Storia e Globalizzazione
Per un'Educazione e una Politica alternative

di Gennaro Tedesco

 

Nel processo mondiale di omogeneizzazione (non solo economica, non poco interessata e coinvolta è l’Educazione e, direi, particolarmente in Italia. Senza entrare nel merito di quella che si configurerebbe come una immensa e complessa questione, semplicemente ci preme sottolineare come, nel bene e nel male, il nostro sistema educativo, prima dei numerosi e impetuosi cicli “riformistici” volti alla sua “occidentalizzazione”, leggi globalizzazione, si esprimesse in modi e forme originali che lo rendevano, se non alternativo, almeno significativamente “diverso” rispetto agli altri sistemi educativi.


Tale diversità l’ho potuta constatare non solo attraverso la peculiare e originale organizzazione scolastica e didattica, ma anche attraverso le mie esperienze anglo-americane e australiane che ponevano in evidenza la multiversità conoscitiva e formativa dei nostri adolescenti e giovani.
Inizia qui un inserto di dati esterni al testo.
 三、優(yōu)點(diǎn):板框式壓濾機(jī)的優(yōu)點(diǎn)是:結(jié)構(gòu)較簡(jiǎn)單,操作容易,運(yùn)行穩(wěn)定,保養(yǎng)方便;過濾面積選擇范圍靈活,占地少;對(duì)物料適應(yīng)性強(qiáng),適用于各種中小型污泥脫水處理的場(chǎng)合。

Ora tutto questo sta lentamente, ma inesorabilmente scomparendo se non è già accaduto.
Non è il caso di rimpiangere il passato o di piangere sul latte versato.


Ma un esercizio immaginativo, contestativo e alternativo non solo è possibile, ma, addirittura, direi, opportuno, necessario e salutare. E’ proprio dall’immaginazione non al potere, ma contro il potere ipnotico, massificante e standardizzante della globalizzazione anche e soprattutto educativa che una Scuola moderna e allo stesso tempo originale e alternativa può sperare di ritagliarsi una propria ideale autonomia critica e proporsi all’Europa e al mondo come faro di civiltà e umanità nell’oceano della desolazione e della solitudine neocapitalistica.
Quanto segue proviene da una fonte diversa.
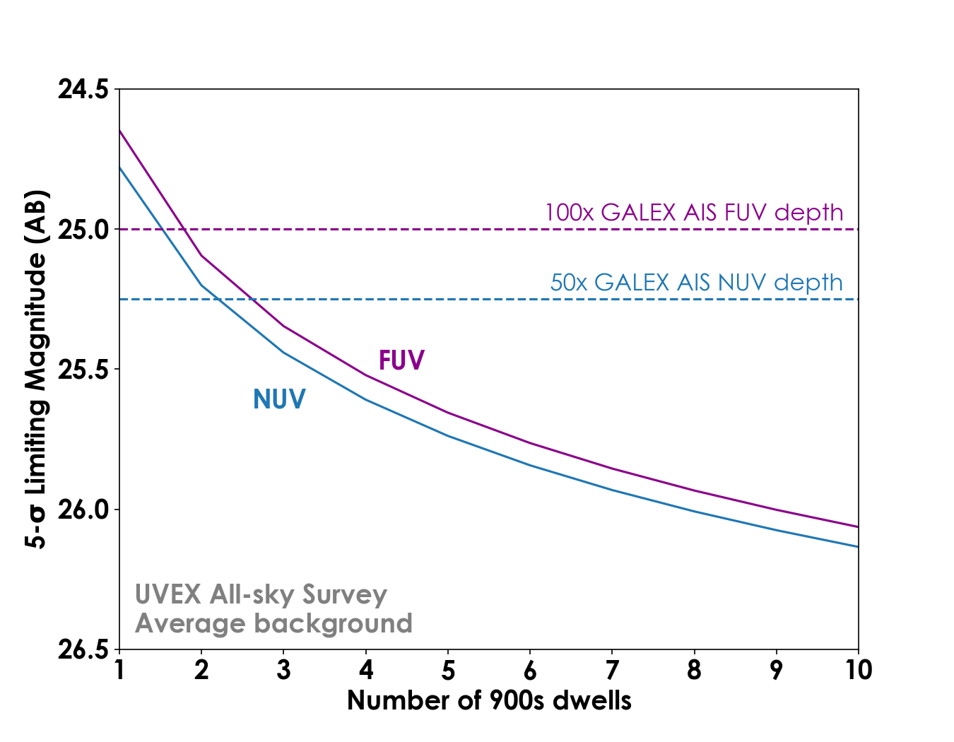 The UVEX 5-sigma limiting magnitude for NUV and FUV for a typical sky background outside of the Galactic Plane, compared with the GALEX All-Sky Imaging Survey depth. The UVEX all-sky survey will be built up from repeated visits to fields over the course of the two-year prime mission.

Contro una società globale e totalizzante che pone al centro del suo percorso educativo la teologia e l’ideologia del sacro e incestuoso DNA ricombinante del neoimperialismo capitalistico e globalistico, la nostra Scuola potrebbe e dovrebbe proporre, promuovere e sostenere, ad esempio, la Storia o, meglio, la Didattica della Storia come forza d’urto, capace di aprirsi un varco rivoluzionario, almeno dal punto di vista cognitivo e , soprattutto, formativo, in grado di scardinare compatti, ma logori, omologanti e contraddittori modelli educativi.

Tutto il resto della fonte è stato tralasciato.